銀時から与えられる感情を見誤っていたわけではない。今まで聞いた愛の言葉や引き寄せる腕の熱さも疑ったこともない。けれど、どうして忘れていたのだろう。土方が銀時を想うように、銀時もまた自分を想っていることを。
それでも彼は、先にある不幸より目の前の幸福を選んだ。いつ来るかも知れない不安で今を潰しては意味がないと、こちらを見つめる目が語っている。
「そんな覚悟俺にはねぇよ…」
土方は視線を落として呻くように呟いた。
本当なら気付きたくなかった。銀時が自分のことをどれほど想っているかなんて。この心地良い感情の海に溺れてしまえば、きっと自力で浮き上がれなくなってしまう。そのまま死を迎え入れるなら、ここで逃げてしまいたい。
脆弱な自分自身と向き合う覚悟なんて、まだ出来ない。
「そりゃそうだろうよ。俺よりお前のほうが重症だろ?」
「何が?」
「俺に惚れてるの」
「――ッ!?」
思えば銀時から自分の気持ちを確認されたのはこれが初めてだった。いっそ揶揄めいた問いであれば、締まりのない顔であれば、どれだけ良かったか。口にした事実が真実であると知っている目で、声で、問われてしまったら土方は黙り込むしかない。

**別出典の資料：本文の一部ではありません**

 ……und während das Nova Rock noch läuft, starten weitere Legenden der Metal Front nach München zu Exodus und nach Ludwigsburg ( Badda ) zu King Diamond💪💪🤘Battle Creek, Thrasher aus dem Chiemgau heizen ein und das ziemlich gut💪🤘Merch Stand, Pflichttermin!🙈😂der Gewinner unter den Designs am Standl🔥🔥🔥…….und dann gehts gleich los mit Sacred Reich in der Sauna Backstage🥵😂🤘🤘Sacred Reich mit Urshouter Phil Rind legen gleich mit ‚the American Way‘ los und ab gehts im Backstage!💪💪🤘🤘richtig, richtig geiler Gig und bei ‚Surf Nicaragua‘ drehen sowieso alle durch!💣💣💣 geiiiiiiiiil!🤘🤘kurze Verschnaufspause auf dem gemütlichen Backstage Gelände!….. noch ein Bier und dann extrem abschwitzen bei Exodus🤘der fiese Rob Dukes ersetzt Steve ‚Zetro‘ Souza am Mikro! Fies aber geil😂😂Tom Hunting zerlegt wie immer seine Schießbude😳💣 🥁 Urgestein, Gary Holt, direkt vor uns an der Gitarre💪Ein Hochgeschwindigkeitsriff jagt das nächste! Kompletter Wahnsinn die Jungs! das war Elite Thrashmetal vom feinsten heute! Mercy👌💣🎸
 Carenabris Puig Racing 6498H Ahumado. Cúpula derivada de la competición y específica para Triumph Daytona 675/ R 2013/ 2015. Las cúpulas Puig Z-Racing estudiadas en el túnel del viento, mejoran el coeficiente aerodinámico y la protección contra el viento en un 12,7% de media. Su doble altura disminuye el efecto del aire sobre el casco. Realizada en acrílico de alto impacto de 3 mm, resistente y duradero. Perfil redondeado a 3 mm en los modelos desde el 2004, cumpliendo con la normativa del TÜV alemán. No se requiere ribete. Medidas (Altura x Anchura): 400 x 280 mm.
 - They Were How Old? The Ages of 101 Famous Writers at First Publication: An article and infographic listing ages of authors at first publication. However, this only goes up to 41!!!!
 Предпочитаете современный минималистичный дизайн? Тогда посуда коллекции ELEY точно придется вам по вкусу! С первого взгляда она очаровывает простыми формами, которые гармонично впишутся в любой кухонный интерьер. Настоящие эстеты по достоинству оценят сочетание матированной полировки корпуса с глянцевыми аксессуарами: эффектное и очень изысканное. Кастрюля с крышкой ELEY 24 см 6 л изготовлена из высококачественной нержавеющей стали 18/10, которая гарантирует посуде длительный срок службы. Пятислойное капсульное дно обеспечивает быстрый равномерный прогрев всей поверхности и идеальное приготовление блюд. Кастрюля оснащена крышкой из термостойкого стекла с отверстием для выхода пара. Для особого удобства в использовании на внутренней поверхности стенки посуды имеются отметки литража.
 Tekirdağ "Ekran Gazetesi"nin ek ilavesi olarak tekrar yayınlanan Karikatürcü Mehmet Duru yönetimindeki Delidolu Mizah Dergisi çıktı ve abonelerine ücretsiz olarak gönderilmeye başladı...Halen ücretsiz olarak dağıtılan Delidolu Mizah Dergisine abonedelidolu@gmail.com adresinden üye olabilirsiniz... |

「ま、俺もこうなるのわかって手を出したから。責任は半分あるな」
「半分だけかよ…」
「当たり前だろ、俺らの問題なんだから」
銀時は僅かに表情を緩めた。けれど土方を射抜く瞳は真剣そのもので、あの廃工場での出来事を思い起こさせる。身体と心に火を付ける目だ。
「土方。今お前が抱えてる不安はお前ひとりのもんか?先にある恐怖はお前ひとりのもんか?――違ぇだろ?なら、ここで俺たちが別れる理由なんてねぇよ」
「………」
誤魔化されている感覚は拭えなかった。銀時の言葉を素直に受け取れるほど馬鹿でもなかった。それでも手を伸ばさずにはいられなかった。

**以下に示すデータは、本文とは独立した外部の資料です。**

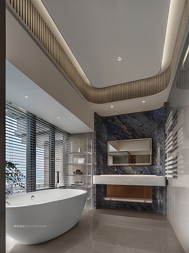 主衛(wèi)以簡(jiǎn)潔清雅為空間基調(diào),亞克力置物架通透實(shí)用,與精品衛(wèi)浴一起彰顯著人性化的設(shè)計(jì)考量。藍(lán)寶石狀大理石塊面作為空間的點(diǎn)睛之筆,似大海的旖旎海浪,天空的無(wú)垠湛藍(lán),百葉窗外一線城景,室內(nèi)水汽氤氳,一首曲調(diào),浪漫而放松,愜意且精巧,種種美好感受都在這里慢慢生發(fā)。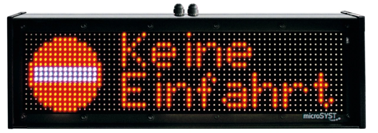 Die visuelle Darstellung entwickelten Contra und Microsyst in enger Abstimmung mit dem Kunden über je eine zeilenorientierte LED-Anzeige pro Entladespur. Mit einer aktiven Displayfläche von 768 mm × 256 mm und nur 80 mm Gehäusetiefe ist der Platzbedarf für die Montage gering. Für unmissverständliche Orientierung sorgen Ziffern, Buchstaben sowie eine Vielzahl individueller Grafiken und Informationstexte, die nach Bedarf dargestellt werden.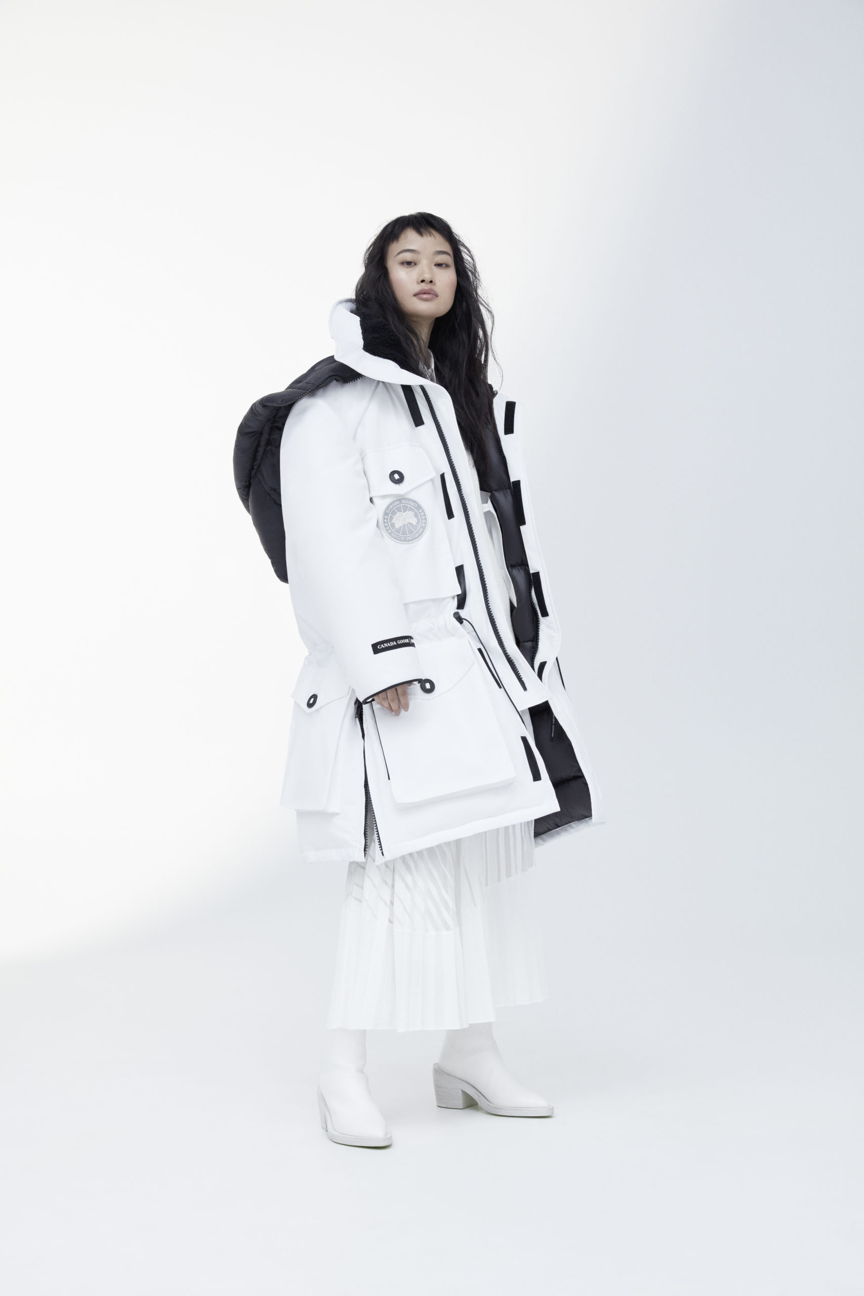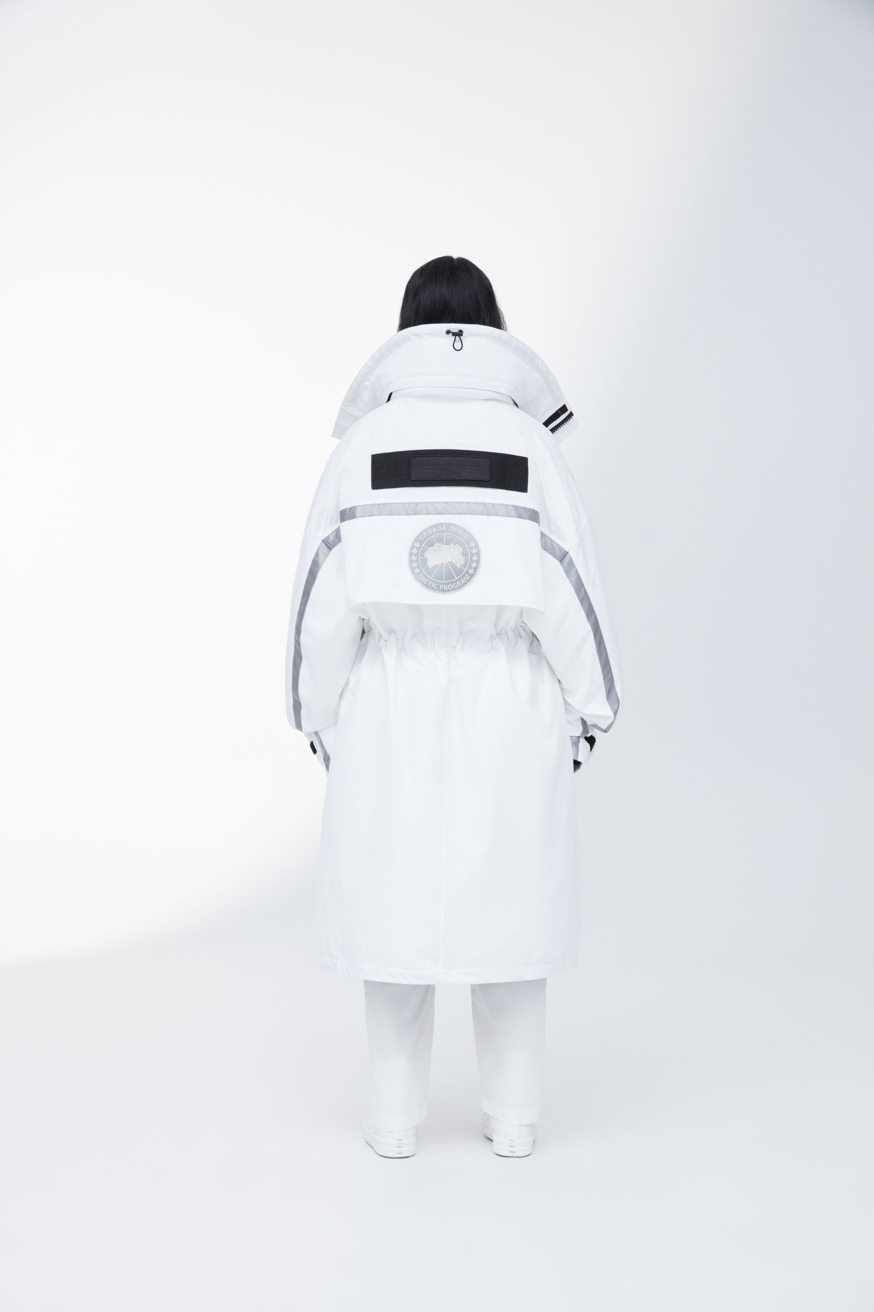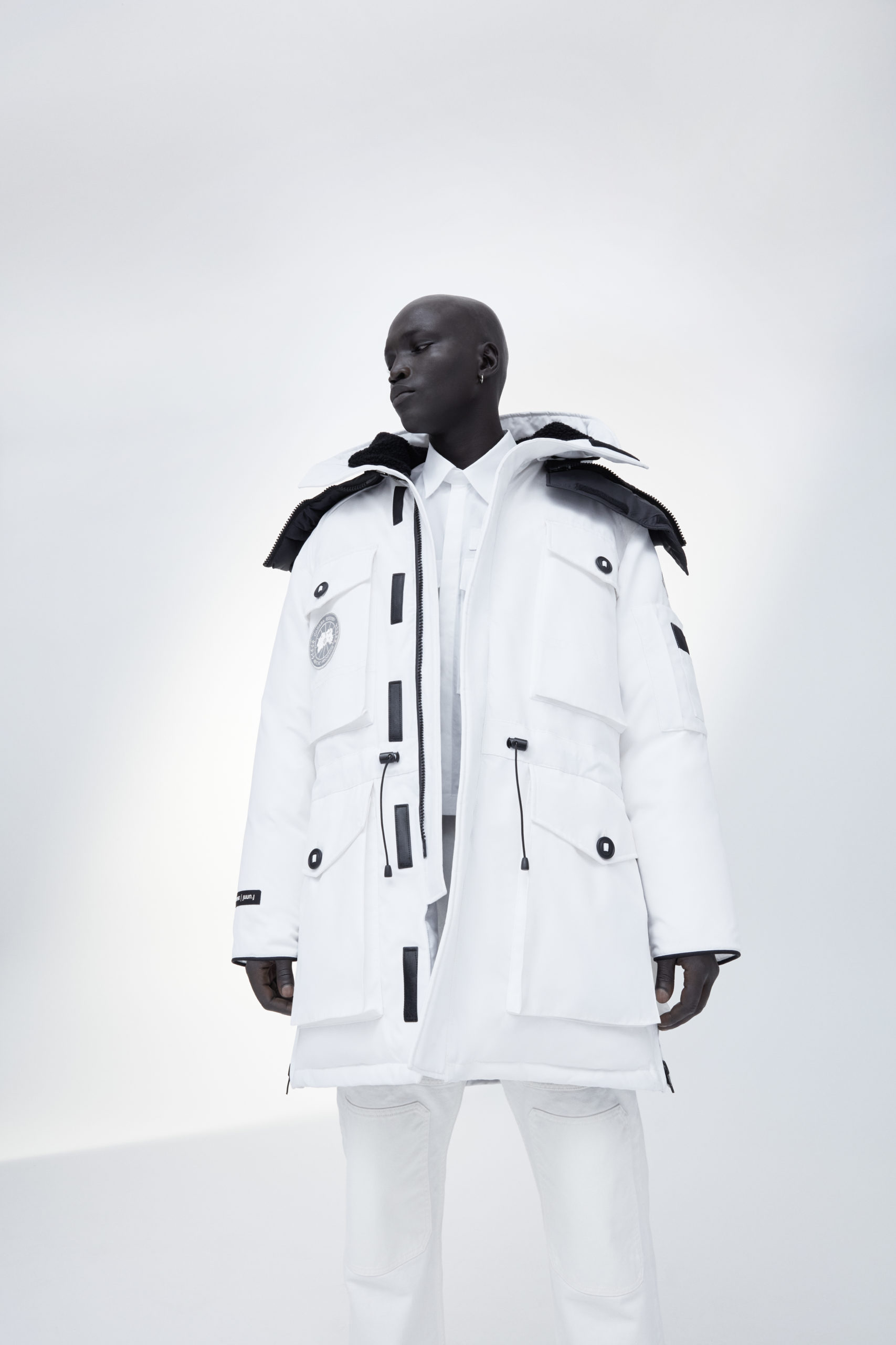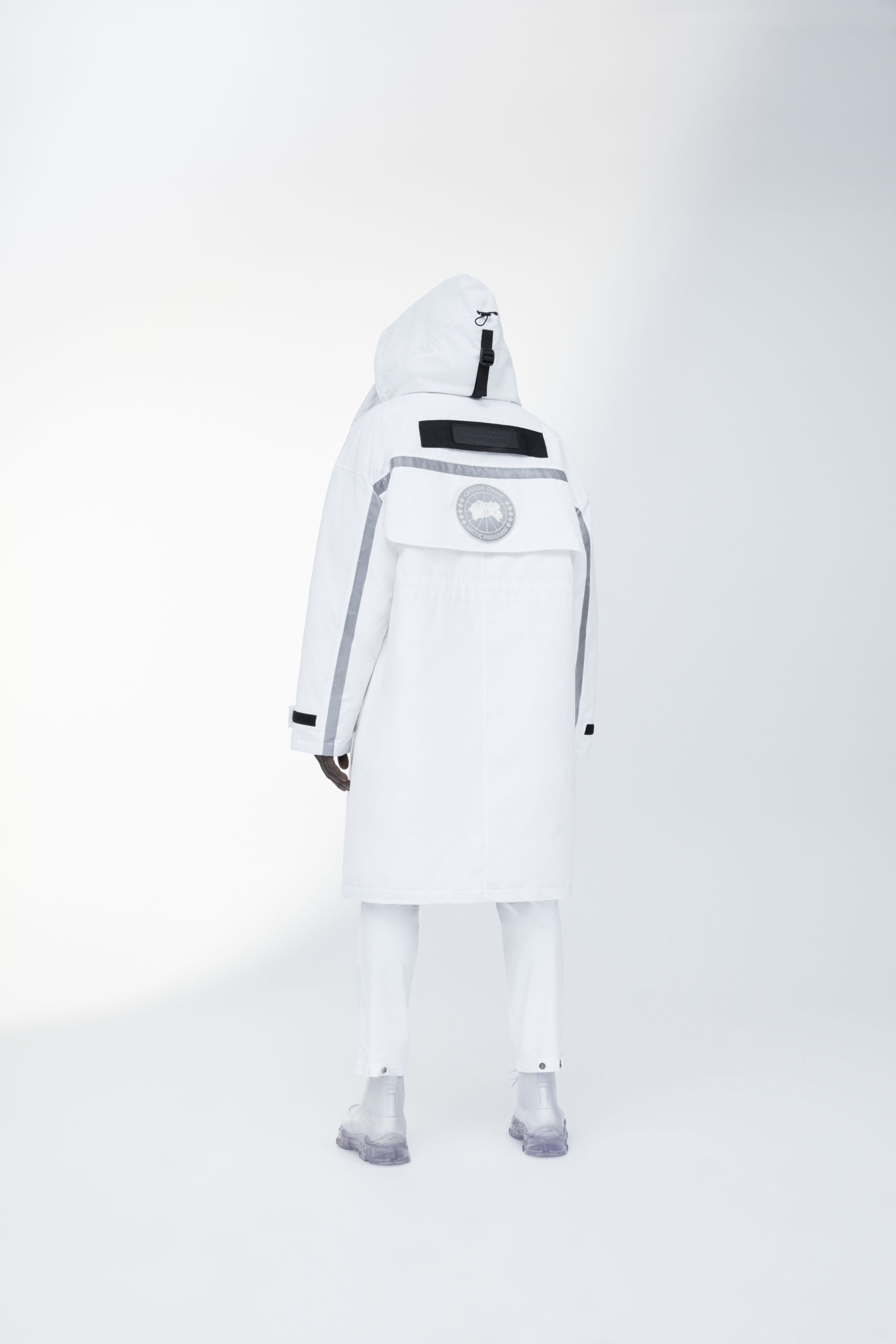 Unpredictability and originality are exactly what this collaboration is all about, from its oversized proportions, to the contrasting reflective details and Canada Goose silver disc, the white color of this new collection has been designed for maximum impact.

衝動的に行動すれば後悔するのは目に見えている。けれど、抑えが効かないのが恋だと土方は初めて悟った。


ソファに座る銀時の身体を跨ぐ。恐る恐る伸ばした手は彼の首筋に触れて、動脈の熱と動きを感じ取った。そのまま襟刳りを割って鎖骨、肩へと滑らせる。相手の体温を感じるたび、自分の体温もまた上がっていくようだ。
「土方…」
誘われるように口付けると暖かな舌が迎え入れる。初めて主導権を握った口付けはたどたどしくて、何度も歯がぶつかった。それなのに身体は歓喜に震えて応える。この男を手離したくないと訴える。
「ン…、ぅ」
角度を変えて深く交じり合う。重なった唇からどちらともなく吐息が漏れて、劣情を煽った。身体を繋げるという行為は、これ以上ないという近い位置で互いを感じることだったと今更になって気付く。特殊体質の土方であろうと、五体満足の銀時であろうと、テリトリーを侵されてまで距離を詰めることを許せる相手が特別でないはずがない。

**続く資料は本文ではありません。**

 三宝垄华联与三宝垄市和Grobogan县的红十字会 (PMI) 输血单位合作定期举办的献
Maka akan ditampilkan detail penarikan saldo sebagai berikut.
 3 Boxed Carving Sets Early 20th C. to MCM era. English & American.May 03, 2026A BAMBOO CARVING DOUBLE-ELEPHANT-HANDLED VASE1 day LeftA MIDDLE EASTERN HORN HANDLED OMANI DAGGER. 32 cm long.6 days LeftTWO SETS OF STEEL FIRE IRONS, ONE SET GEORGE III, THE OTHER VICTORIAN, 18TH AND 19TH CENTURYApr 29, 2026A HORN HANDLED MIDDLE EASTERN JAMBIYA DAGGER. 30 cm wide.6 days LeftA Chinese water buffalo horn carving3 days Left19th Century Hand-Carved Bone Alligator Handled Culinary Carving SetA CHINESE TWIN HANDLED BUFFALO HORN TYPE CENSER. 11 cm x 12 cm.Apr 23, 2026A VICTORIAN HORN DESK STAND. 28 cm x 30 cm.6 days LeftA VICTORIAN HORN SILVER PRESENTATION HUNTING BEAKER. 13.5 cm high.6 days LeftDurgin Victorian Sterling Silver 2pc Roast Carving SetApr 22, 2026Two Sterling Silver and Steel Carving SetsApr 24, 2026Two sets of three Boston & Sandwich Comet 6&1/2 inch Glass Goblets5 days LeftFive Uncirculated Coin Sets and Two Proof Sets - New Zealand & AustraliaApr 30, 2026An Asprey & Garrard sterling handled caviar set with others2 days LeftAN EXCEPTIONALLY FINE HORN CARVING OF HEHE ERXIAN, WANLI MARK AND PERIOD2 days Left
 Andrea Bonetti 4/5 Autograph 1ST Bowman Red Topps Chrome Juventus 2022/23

自分は、彼しか居なかったのではなくて、彼を選んだのだ。
「…銀時、触ってくれ」
自覚するとどうにも収まらなかった。土方は隊服のスカーフを抜き、シャツの前を寛げる。自ら服を脱いだことも強請ったことも初めてだ。
「ちょっと積極的すぎねーか?」
銀時は少し笑って、望み通りに土方の肌に触れた。心臓の上、重ねられた他人の体温に背筋が甘く痺れる。
「…ッ、もっと…」
思わず零れた文句に銀時は「どこで覚えてきたんだコノヤロー」とバツが悪そうに、それでいて嬉しそうに顔を歪めた。



「悪かったな」
銀時の肩に頭を預けながら、土方は呟いた。本能の赴くまま貪った荒々しい行為の名残に身体は侵されていたが、思考は驚くほど冷静だった。
先を奪う覚悟と罪を背負っていくなんて、この軽薄な男にそんな重たい台詞を吐かさせたのは自分自身だ。流れる水のように柔和で気ままな男に枷を嵌めた。 これもまた立派な罪だろう。
「ま、わかりゃいいや」
銀時の掌がそっと頬を撫でる。この温度がある限り、自分たちは罪と幸福を感じ続けるだろう。ただそれが、ふたりが共に在る理由になればと土方は強く願った。



春日 凪



面倒なことはそのときに考えましょ、ってポジティブな話だったはず…。どうしてこうなった。